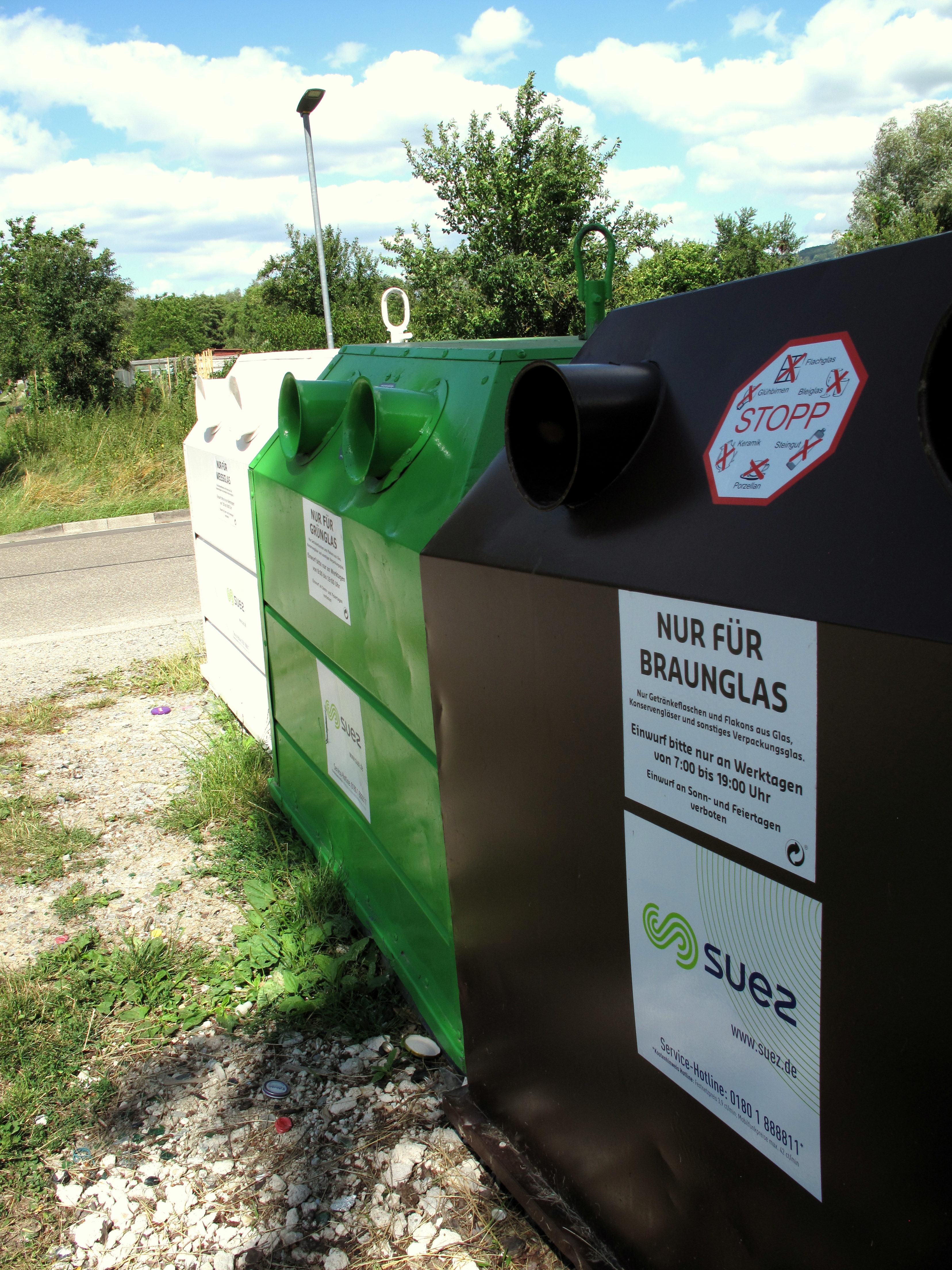 Der Einwurf ist nur an Werktagen (Montag bis Samstag) von 7:00 bis 19:00 Uhr erlaubt. Bitte halten Sie die Einwurfzeiten - insbesondere im Interesse der jeweiligen Anwohner - ein und achten auf die farbliche Trennung des Altglases (weißes Glas gehört in die weißen Container, braunes Glas in die braunen Container und alle übrigen Glasfarben in die grünen Container).
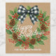 This beautifully designed holiday wine bottle label showcases elegant watercolor artwork of a wreath embellished with a black and white buffalo lumberjack checkered bow, pinecones, green holly leaves, red berries, and pine needles. Its classy yet rustic design captures the essence of the December holiday season and appeals to those who appreciate artistic illustrations. The sticker offers customization options, allowing you to personalize it with your company name, family name, or individual names, and include a tailored seasonal greeting, making it a thoughtful choice for spreading holiday cheer.
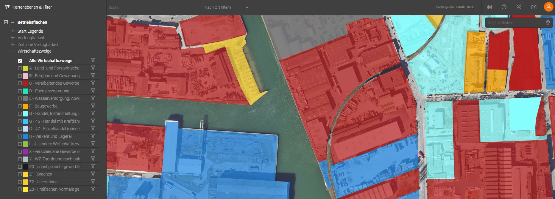 Hier haben Sie die Möglichkeit, die Fachdaten nach inhaltlichen Kategorien mit der dazugehörigen Legende in der Karte differenziert sichtbar zu schalten.
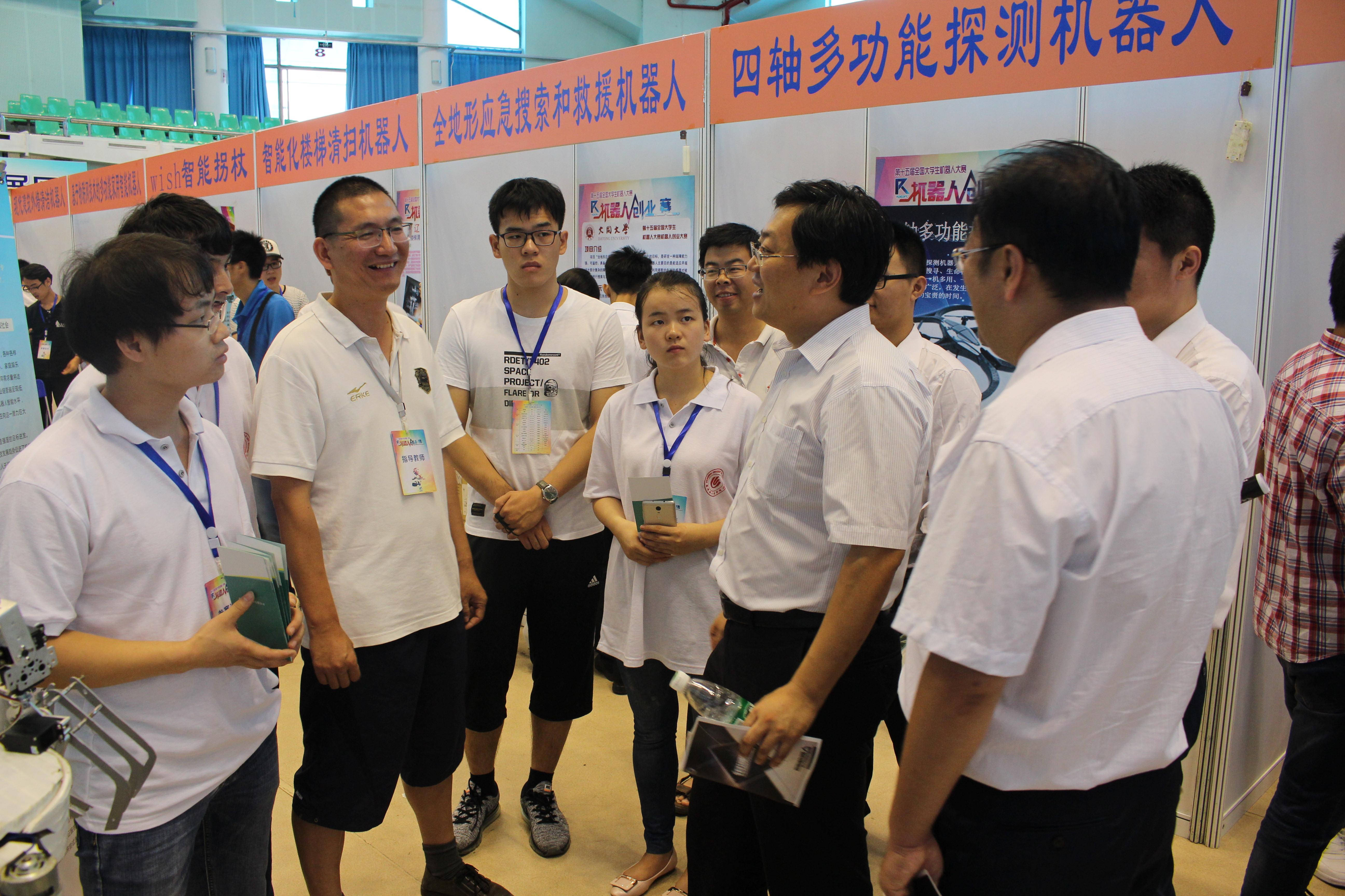 大赛由共青团中央、全国学联主办,哈尔滨工业大学、黑龙江团省委承办。大赛涵盖工业机器人、服务机器人、教育机器人、特殊领域专用机器人等,集中展现了全国大学生机器人领域的创新创业水平。大赛下设创业实践赛和创业计划赛两个类别,通过预赛,复赛阶段评审,共有23件创业实践类作品和46件创业计划类作品入围最终决赛。河南省共有三个项目入围最终决赛,三个项目全部来自我校电气信息工程学院。经过激烈角逐,我校选派的“工业自动搬运机器人”获得实践组“全国二等奖”,“智能多功能无人机”和“水质监测及水面保洁智能机器人”获得计划组“全国三等奖”,我校等10所高校荣获本次大赛的高校优秀组织奖。全国学联办公室主任柏贞尧,黑龙江省科技厅副厅长石兆辉,共青团黑龙江省委副书记陈凯云,哈尔滨工业大学党委副书记、副校长张洪涛,哈工大机器人集团副总裁王洪波、执行副总裁乔徽和黑龙江省政府相关部门、全国各高校以及投资界代表参加大赛开闭幕式等相关活动。
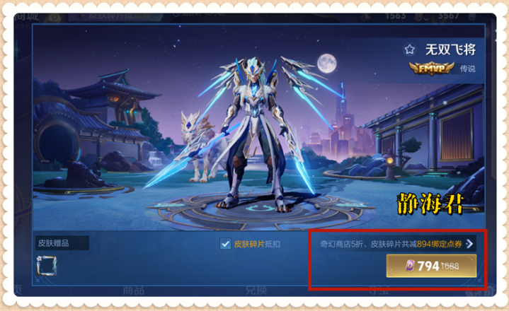 第二,本次奇幻商店首创了一个新模式——在奇幻商店买皮肤的时候,可以用皮肤碎片来抵点券,具体是1个皮肤碎片=10点券。
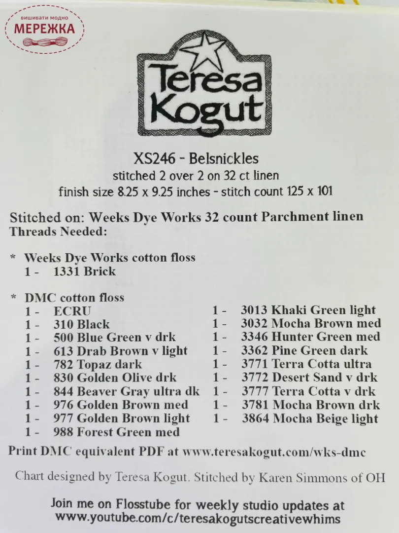 У схемах Терези Когут використовуються тканини та муліне від різних виробників (найчастіше Weeks Dye Works та DMC). Якщо ці матеріали відсутні в нашому магазині, ми разом зможемо підібрати коректну заміну на муліне DMC, що її пропонує автор в своїх схемах.
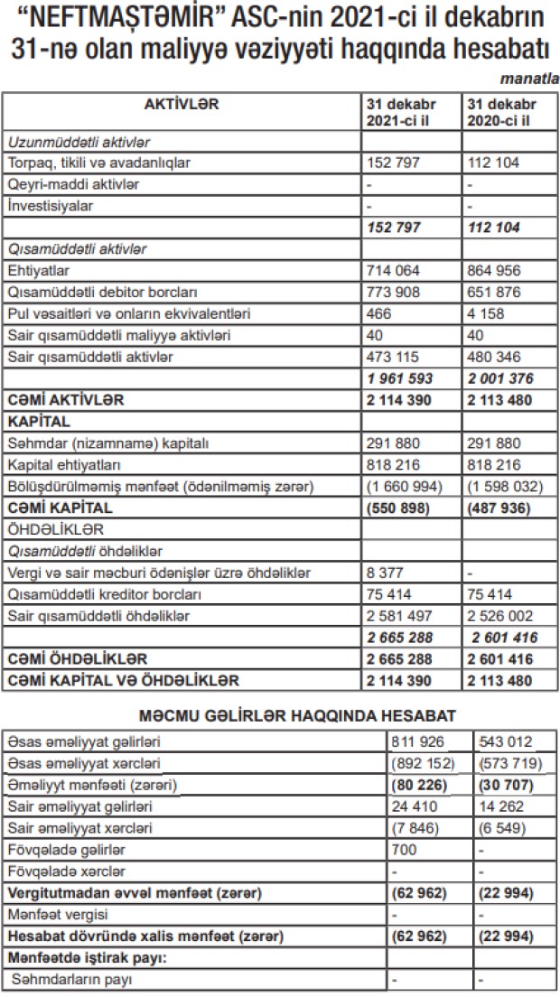 “Neftmaştəmir” ASC 2021-ci ili 62 min 962 manat xalis zərər ilə başa vurub. 2020-ci illə müqayisədə 2021-ci ildə şirkətin xalis zərəri 2,7 dəfə artıb. “Neftmaştəmir” 2020-ci ili 22 min 994 manat xalis zərər ilə bağlamışdı.

........

What is needed
Your output should be exactly the lines of the records above from the one with "第二,本次奇幻商店首创了一个" through the last, both ends included, with pictures excluded.

Task response
 第二,本次奇幻商店首创了一个新模式——在奇幻商店买皮肤的时候,可以用皮肤碎片来抵点券,具体是1个皮肤碎片=10点券。
 У схемах Терези Когут використовуються тканини та муліне від різних виробників (найчастіше Weeks Dye Works та DMC). Якщо ці матеріали відсутні в нашому магазині, ми разом зможемо підібрати коректну заміну на муліне DMC, що її пропонує автор в своїх схемах.
 “Neftmaştəmir” ASC 2021-ci ili 62 min 962 manat xalis zərər ilə başa vurub. 2020-ci illə müqayisədə 2021-ci ildə şirkətin xalis zərəri 2,7 dəfə artıb. “Neftmaştəmir” 2020-ci ili 22 min 994 manat xalis zərər ilə bağlamışdı.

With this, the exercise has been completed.